Prophesee EVK4 at 1280×720. Microsecond temporal resolution with high dynamic range, ideal for challenging illumination.
3× Livox TELE-15 (320 m range) + 1× Livox Mid-360 for dense point clouds used in 3D annotation.
u-blox ZED-F9K with RTK (0.2 m position accuracy). Ego-pose via tightly-coupled GNSS-Visual-Inertial fusion (GVINS).

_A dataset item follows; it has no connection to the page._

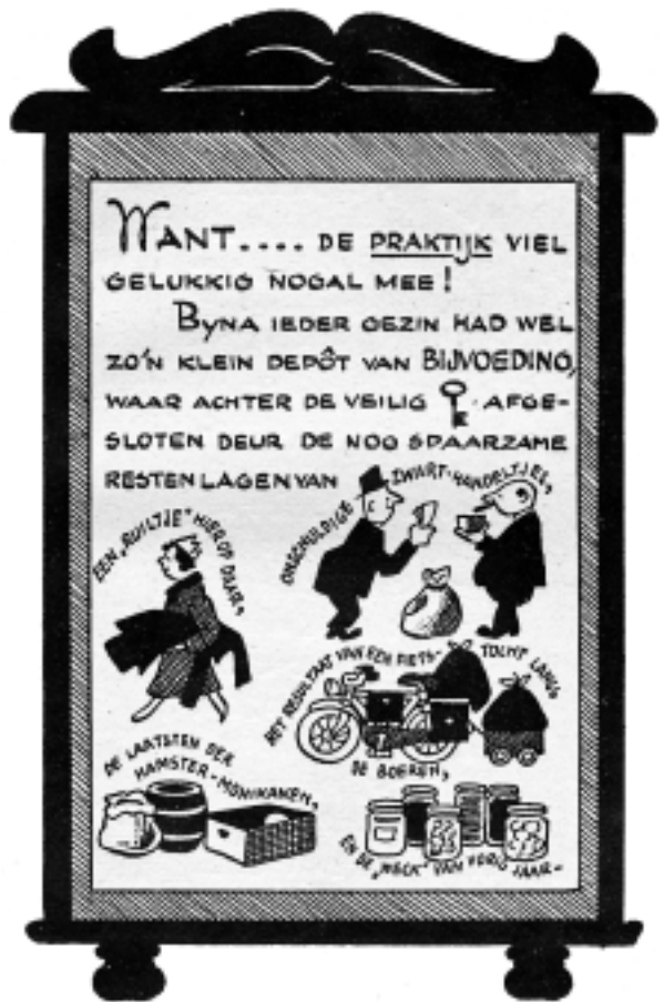
In de praktijk viel het met de honger nog wel mee, althans voor hen die nog wat te ruilen hadden, nog wat voorraad hadden of 'de boer op' konden. Uit: O, dat winterje '45. (coll. auteur)

Door de spoorwegstaking en het daarop volgende verbod van Seyss-Inquart op scheepsvervoer, kwam de aanvoer van voedsel naar het westen van ons land op een erg laag pitje te staan. Wel werd het verbod op scheepsvervoer eind november opgeheven en gingen de schippers zelfs samenwerken in een nationale rederij, maar toch bleven de tekorten oplopen. Niet dat de hoeveelheid beschikbaar voedsel nu zo erg klein was, maar de gemeenten hadden al eerder in 1944 niet meer de mogelijkheid gehad om enige voorraad voedsel op te bouwen. Het probleem zat hem daarnaast in de ongelijke verdeling van het beschikbare voedsel. In de plattelandsgedebieden van bezet Nederland was er nog ruim voldoende eten, maar in de steden niet. En transport was moeilijk geworden: geen trein, geen schepen, vrachtauto's die vanuit de lucht beschoten werd. Vandaar die nationale rederij, om zo via het IJsselmeer toch nog voedsel in de grote steden te krijgen. Totdat eind december het IJsselmeer dichtvroor. Hilversum heeft getracht op allerlei manieren toch

Sensor configuration: the event camera and RGB camera are rigidly mounted with a narrow 3 cm baseline.
Dataset Details
Diverse driving scenarios spanning highways, urban roads, and low-light conditions across different times of day and weather.
| Region | Distance | Illumination | Sequences (Train/Test) | Duration (Train/Test) |
|---|---|---|---|---|
| Highways | 178.44 km | Sunny | 13 / 3 | 65 / 15 min |
| Cloudy | 10 / 1 | 50 / 5 min | ||
| Twilight | 7 / 2 | 35 / 10 min | ||
| Urban | 52.61 km | Sunny | 5 / 1 | 25 / 5 min |
| Cloudy | 4 / 1 | 20 / 5 min | ||
| Twilight | 1 / 1 | 5 / 5 min | ||
| Night | 5 / 2 | 25 / 10 min | ||
| Low-light | 5.01 km | Night | 1 / 1 | 5 / 5 min |
| Total | 236.06 km | — | 58 | 290 min |
Annotations
Pre-labeled via BEVFusion with 500k in-house frames, tracked by 3D Kalman Filter, then manually verified and corrected by human annotators.
7-DoF cuboid annotations (x, y, z, l, w, h, yaw) in ego-vehicle coordinate system with front-camera projection.
Consistent tracking IDs across frames with 11-dimensional state vectors (location, orientation, size, velocity, angular velocity).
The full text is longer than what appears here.